Background: Calcium sulfate belongs to synthetic ceramic group of bone graft substitutes having an osteoconductive property. Calcium sulfate is an easily available, economic bone graft substitute. It is a bio-inert material which over a period of weeks get resorbed and fibrovascular tissue takes its place which eventually allows neovascularisation and bone formation within the area. Use of calcium sulfate as a bone graft substitutes avoids the complications and morbidity associated with autograft like infection, second surgery, and finite amount of graft.

Material And Methods: A total of 15 patients with benign bone lesions and chronic osteomyelitis were operated and the osseous defects were filled with calcium sulfate which was comprehensively sterilized. Patients were followed with serial radiographs at six week intervals. Calcium sulfate resorption and new bone formation was studied.

Results: Thirteen cases out of 15 showed calcium sulphate resorption and new bone incorporation. Calcaium sulphate resorption occurred at an average of 14.5 weeks (range,13-18weeks) whereas new bone incorporation occurred at an average of 6months ( range,5-7months). Thirteen patients out of these 15 cases returned to full activities of daily living. One patient had pathological fracture at the osseous defect postoperatively. One patient with GCT of distal end of tibia had recurrence of tumor and had to undergo second surgery.

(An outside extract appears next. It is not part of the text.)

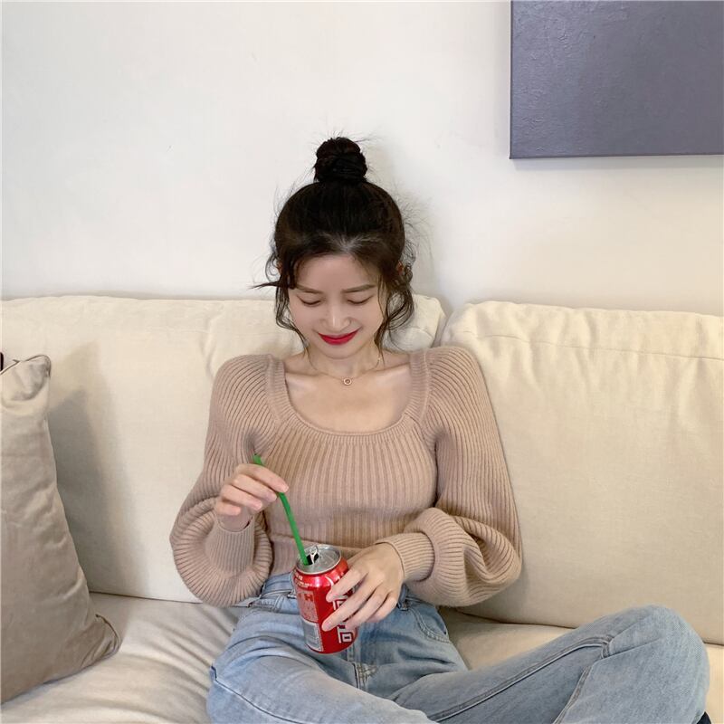 ショートニットセーター レディーススプリングカラースリーブトップス 春物 スクウェア 試着室44280167061

Conclusion: Although autogenous bone graft is the gold standard for bone grafting, it has limitations like finite amount, additional surgery and donor site morbidity. Calcium sulphate is safe, efficient and easily available bone graft substitute in the treatment of osseous defects. Most common complication encountered was aseptic serous discharge. Functional results were favorable in most of the cases.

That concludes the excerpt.